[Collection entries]
☆ ☆ ☆ ☆

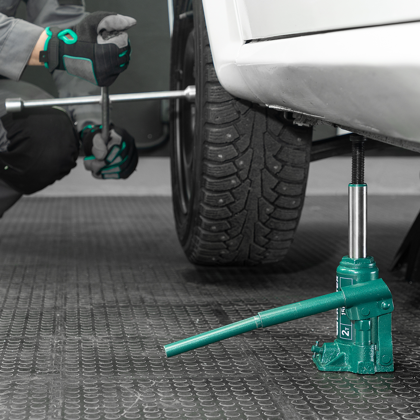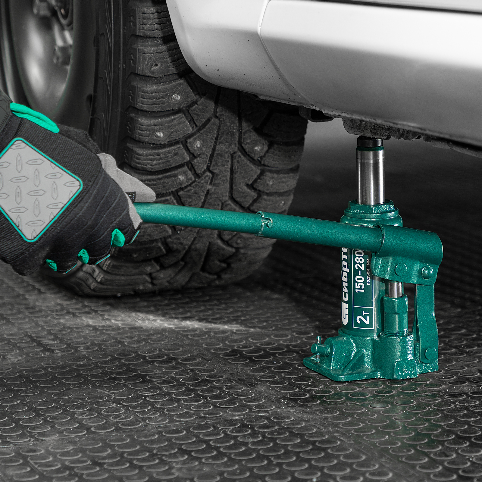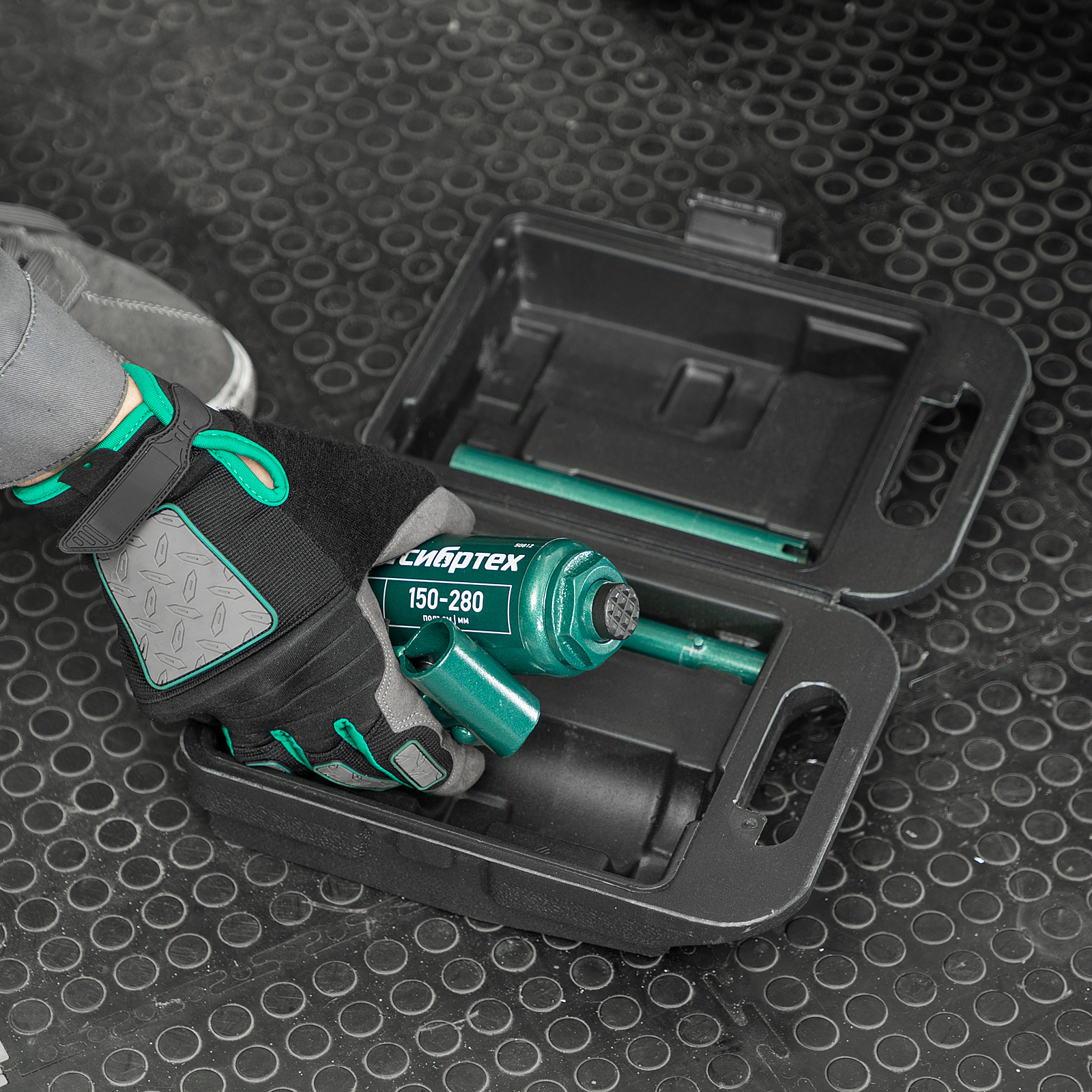 - Удобное хранение и транспортировка — домкрат весит всего 1,9 кг и поставляется в прочном пластиковом кейсе с рукояткой.
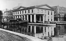 À l’occasion, si le débit du cours d’eau est suffisant, une écluse sans barrage permet de racheter un courant trop fort : à Buffalo, sur la rivière Niagara, celle de Black Rock (en)[14] contourne les vigoureux rapides du pont de la Paix à l’International plus au nord. Sur les trois-quarts du parcours de quelque deux milles nautiques, l’île est prolongée vers l’amont par des épis pour assurer un apport d’eau suffisant jusqu’à l’écluse. Le « rachat » de la chute moyenne de 5,2 pieds (±1,5 m) permet aux « petits » bâtiments d’accéder à Tonawanda à quelque 12 km de là à la rivière canalisée du même nom, puis, après moins de 40 km d’un plan d’eau à « l’étale », aux deux premières écluses du Canal Érié à Lockport.
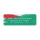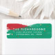 Essas etiquetas coloridas e modernas de endereço de retorno de feriado apresentam traços de pincel de água vermelho e verde com sotaques de pontos dourados falsos.
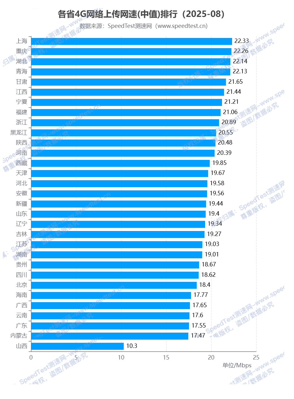 在4G网络上传网速排行中,排名前三的为上海市、重庆市和湖北省,上传网速分别为22.33Mbps、22.26Mbps和22.14Mbps;排名最后的为山西省,上传网速是10.3Mbps。
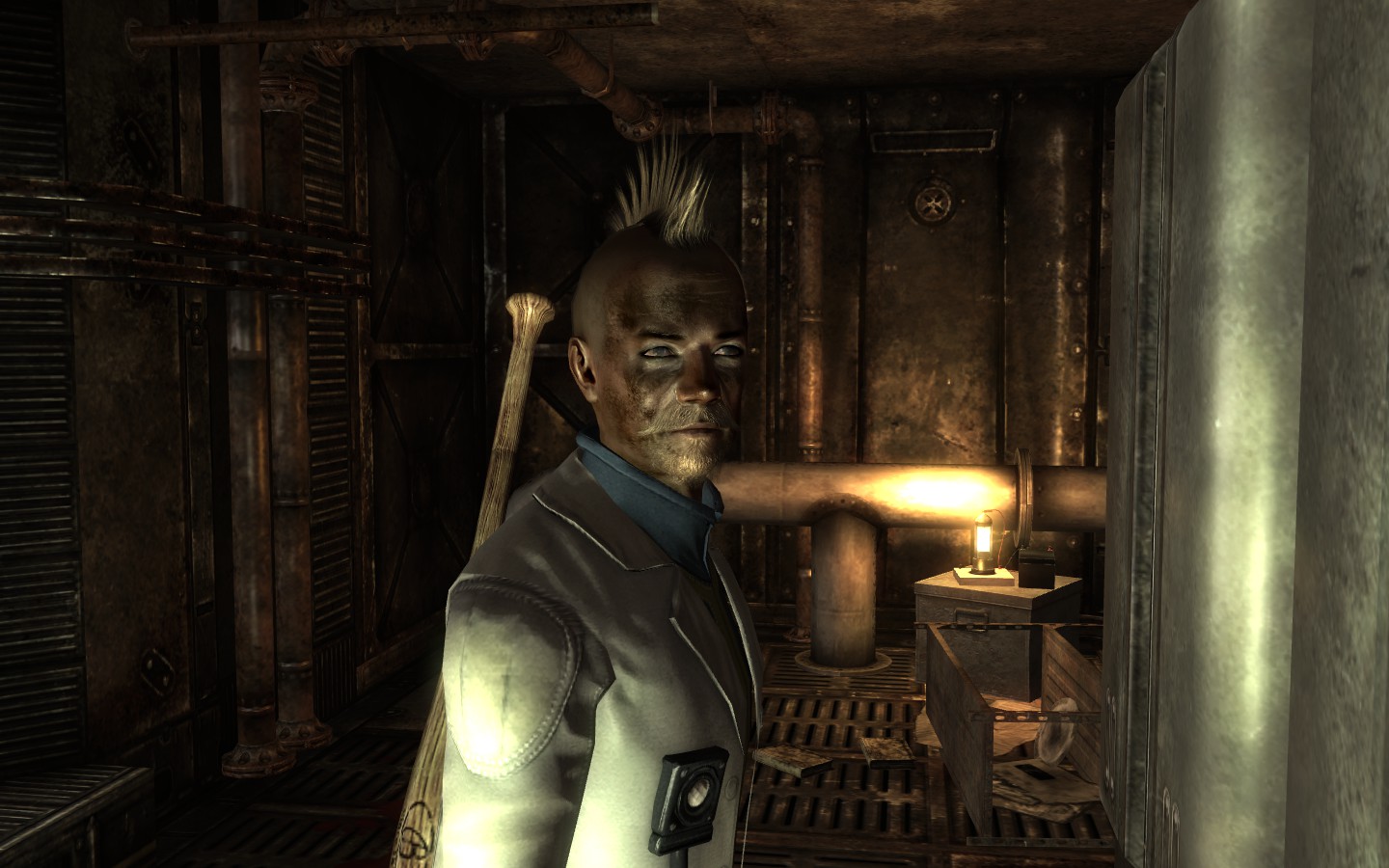 A descendent of original vault dwellers, the survivor has been left insane by the psychoactive drugs that are still being pumped through the air systems of Vault 106 as a result of the Vault's experiment. Because of this, the survivor only functions on primal reflexes.
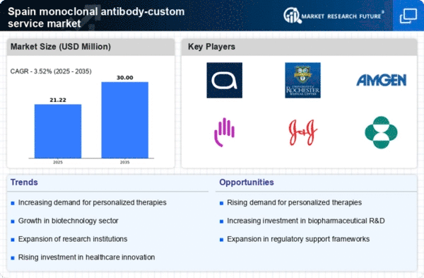 Technological advancements in diagnostic tools are significantly influencing the monoclonal antibody-custom-service market in Spain. Enhanced diagnostic capabilities enable healthcare professionals to identify diseases at earlier stages, which is crucial for effective treatment. The integration of monoclonal antibodies in diagnostic assays has shown promising results, improving the accuracy and reliability of disease detection. In 2025, the market for diagnostic services in Spain is anticipated to grow by approximately 15%, driven by the increasing adoption of advanced technologies. This trend suggests that as diagnostic methods become more sophisticated, the demand for custom monoclonal antibodies tailored for specific diagnostic applications will likely increase. Thus, the interplay between diagnostics and therapeutic development is expected to create new opportunities within the monoclonal antibody-custom-service market.
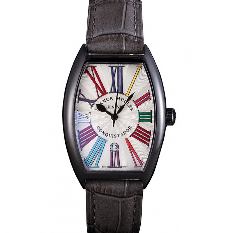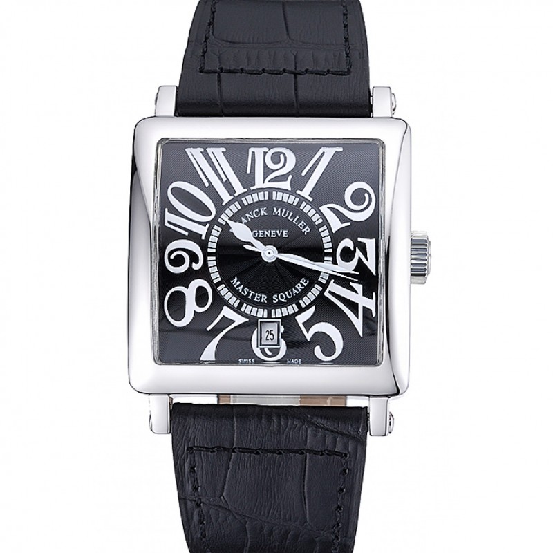 Franck Muller Master Square Cadran Noir Argent boîtier noir bracelet en cuir 622353
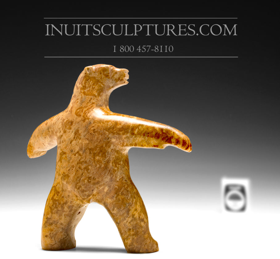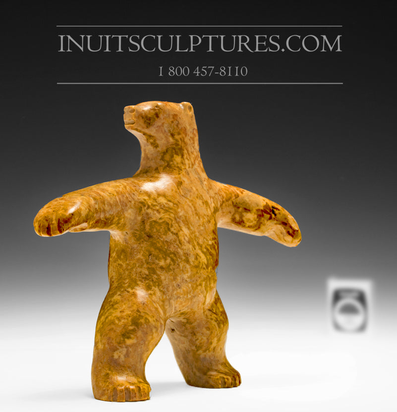Louie Uttaq has chosen an exquisite orange pekoe coloured stone for his charming standing bear. The bear is standing with arms and legs spread wide apart, inviting all aggressors to “step up to the plate”.
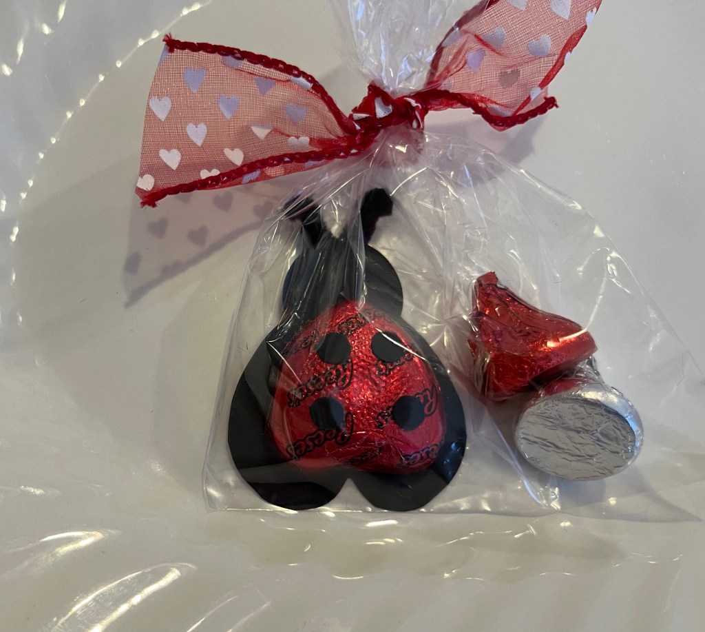 - Place the finished ladybug in a small cellophane bag and add two kisses to the bag
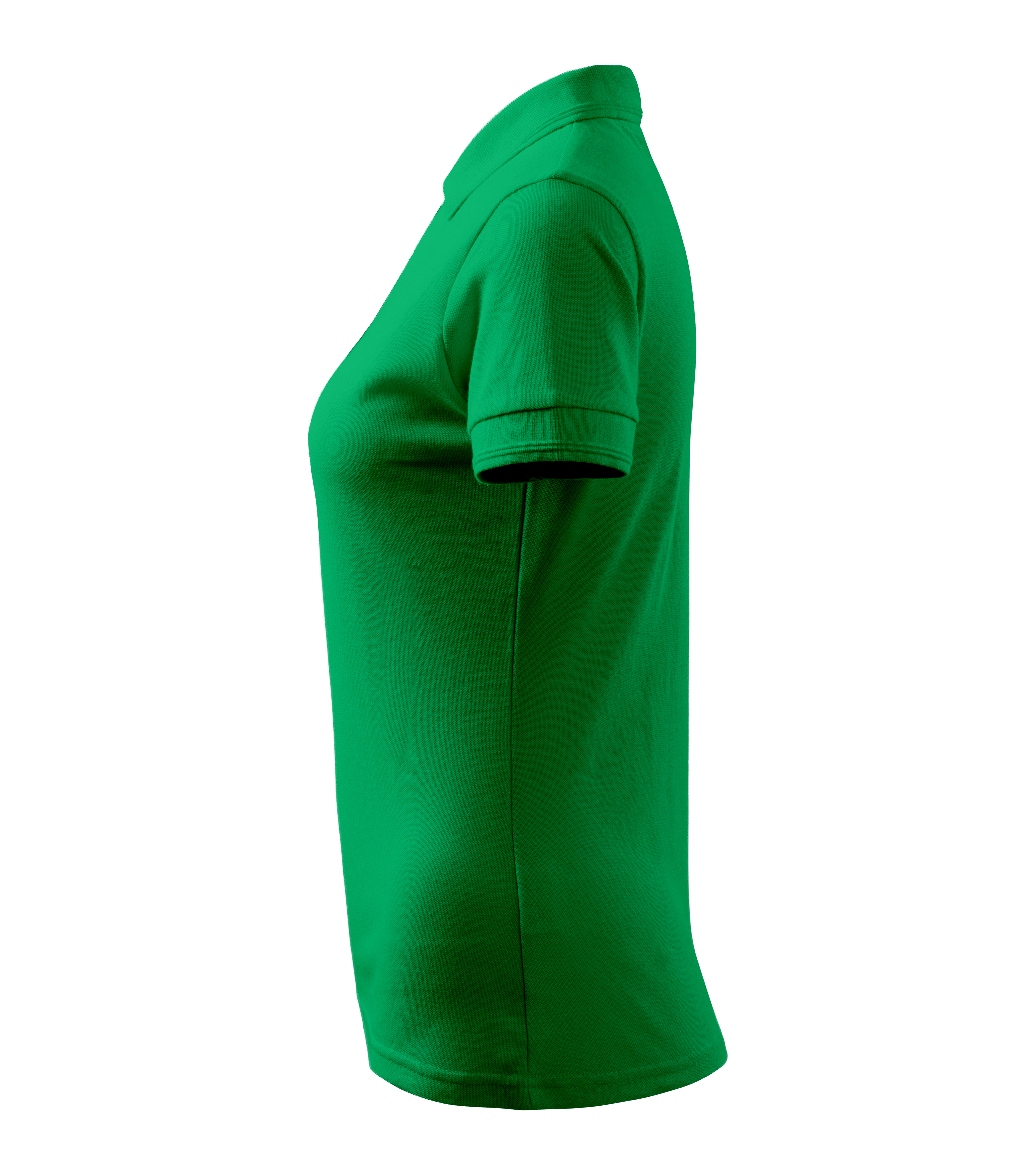 Dámská polokošile s lehce vypasovaným střihem s bočními švy. Límeček a lemy rukávů mají dvojitý reliéfní proužek z žebrového úpletu 1:1. Polokošile má úzkou légu s 5 knoflíčky v barvě materiálu, vnitřní průkrčník začištěný páskou z vrchového materiálu a ramenní švy zpevněné páskou.
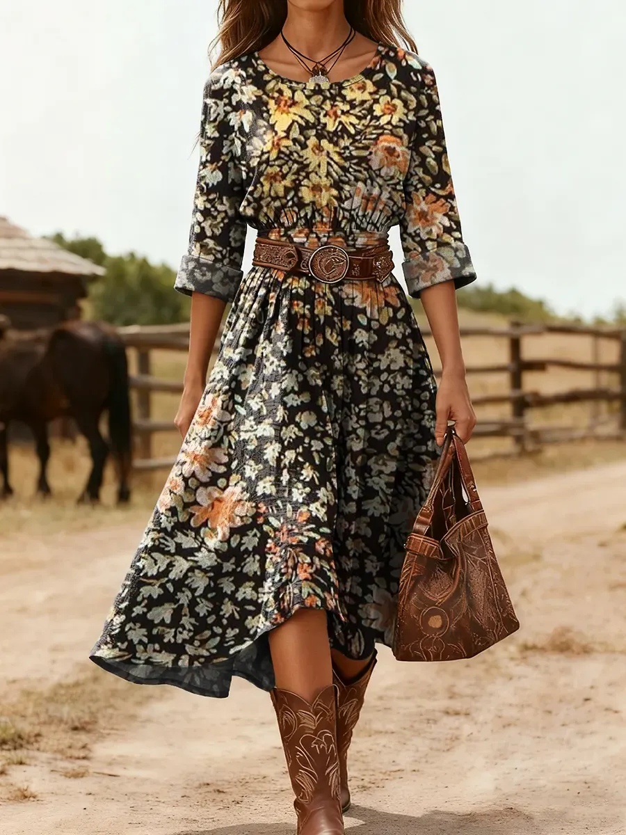 Women's Ethnic Floral Art Print Round Neck Cotton Linen Pocket Dress
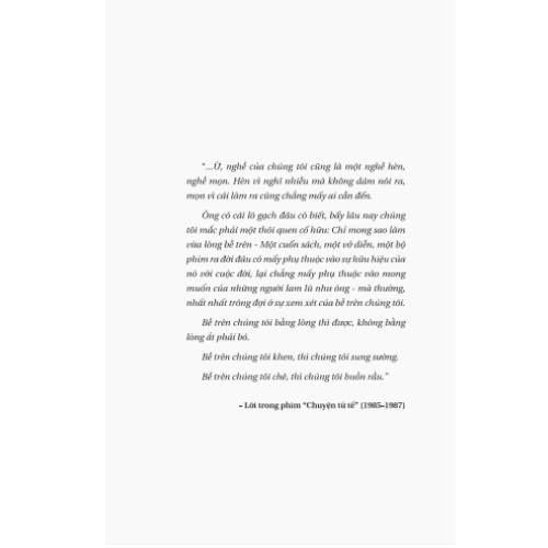 “Cái được nhất, cà cũng mang lại cho anh (Trần Văn Thủy) nhiều trắc trở nhấ, là anh thẳng quá. Sự thẳng thắn là điếu đáng trọng nhất của nhân cách người nghệ sĩ. Bao giờ anh cũng đi thẳng vào tâm điểm rất nóng của thời cuộc, vơi sự nhạy cảm và trách nhiệm công dân rất đáng trân trọng.”
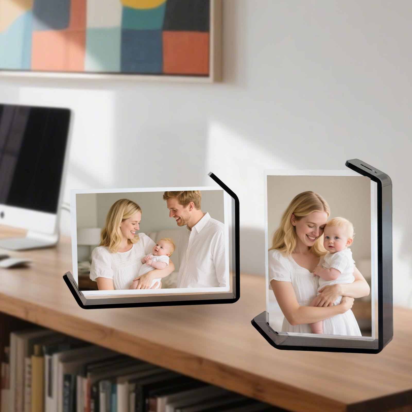 4x6inch 2 Pack Acrylic Picture Frames L Shaped Floating Frame Double Sided Fr...
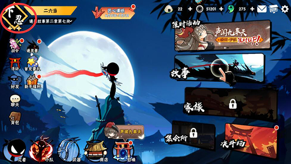 2、接下來回到游戲主界面,我們在左上角的忍者級別

☆ ☆ ☆ ☆

■ Activity: Although the records contain pictures, the copy should consist of their text alone, reproduced exactly.

■ Reply:
 - Удобное хранение и транспортировка — домкрат весит всего 1,9 кг и поставляется в прочном пластиковом кейсе с рукояткой.
 À l’occasion, si le débit du cours d’eau est suffisant, une écluse sans barrage permet de racheter un courant trop fort : à Buffalo, sur la rivière Niagara, celle de Black Rock (en)[14] contourne les vigoureux rapides du pont de la Paix à l’International plus au nord. Sur les trois-quarts du parcours de quelque deux milles nautiques, l’île est prolongée vers l’amont par des épis pour assurer un apport d’eau suffisant jusqu’à l’écluse. Le « rachat » de la chute moyenne de 5,2 pieds (±1,5 m) permet aux « petits » bâtiments d’accéder à Tonawanda à quelque 12 km de là à la rivière canalisée du même nom, puis, après moins de 40 km d’un plan d’eau à « l’étale », aux deux premières écluses du Canal Érié à Lockport.
 Essas etiquetas coloridas e modernas de endereço de retorno de feriado apresentam traços de pincel de água vermelho e verde com sotaques de pontos dourados falsos.
 在4G网络上传网速排行中,排名前三的为上海市、重庆市和湖北省,上传网速分别为22.33Mbps、22.26Mbps和22.14Mbps;排名最后的为山西省,上传网速是10.3Mbps。
 A descendent of original vault dwellers, the survivor has been left insane by the psychoactive drugs that are still being pumped through the air systems of Vault 106 as a result of the Vault's experiment. Because of this, the survivor only functions on primal reflexes.
 Technological advancements in diagnostic tools are significantly influencing the monoclonal antibody-custom-service market in Spain. Enhanced diagnostic capabilities enable healthcare professionals to identify diseases at earlier stages, which is crucial for effective treatment. The integration of monoclonal antibodies in diagnostic assays has shown promising results, improving the accuracy and reliability of disease detection. In 2025, the market for diagnostic services in Spain is anticipated to grow by approximately 15%, driven by the increasing adoption of advanced technologies. This trend suggests that as diagnostic methods become more sophisticated, the demand for custom monoclonal antibodies tailored for specific diagnostic applications will likely increase. Thus, the interplay between diagnostics and therapeutic development is expected to create new opportunities within the monoclonal antibody-custom-service market.
 Franck Muller Master Square Cadran Noir Argent boîtier noir bracelet en cuir 622353
Louie Uttaq has chosen an exquisite orange pekoe coloured stone for his charming standing bear. The bear is standing with arms and legs spread wide apart, inviting all aggressors to “step up to the plate”.
 - Place the finished ladybug in a small cellophane bag and add two kisses to the bag
 Dámská polokošile s lehce vypasovaným střihem s bočními švy. Límeček a lemy rukávů mají dvojitý reliéfní proužek z žebrového úpletu 1:1. Polokošile má úzkou légu s 5 knoflíčky v barvě materiálu, vnitřní průkrčník začištěný páskou z vrchového materiálu a ramenní švy zpevněné páskou.
 Women's Ethnic Floral Art Print Round Neck Cotton Linen Pocket Dress
 “Cái được nhất, cà cũng mang lại cho anh (Trần Văn Thủy) nhiều trắc trở nhấ, là anh thẳng quá. Sự thẳng thắn là điếu đáng trọng nhất của nhân cách người nghệ sĩ. Bao giờ anh cũng đi thẳng vào tâm điểm rất nóng của thời cuộc, vơi sự nhạy cảm và trách nhiệm công dân rất đáng trân trọng.”
 4x6inch 2 Pack Acrylic Picture Frames L Shaped Floating Frame Double Sided Fr...
 2、接下來回到游戲主界面,我們在左上角的忍者級別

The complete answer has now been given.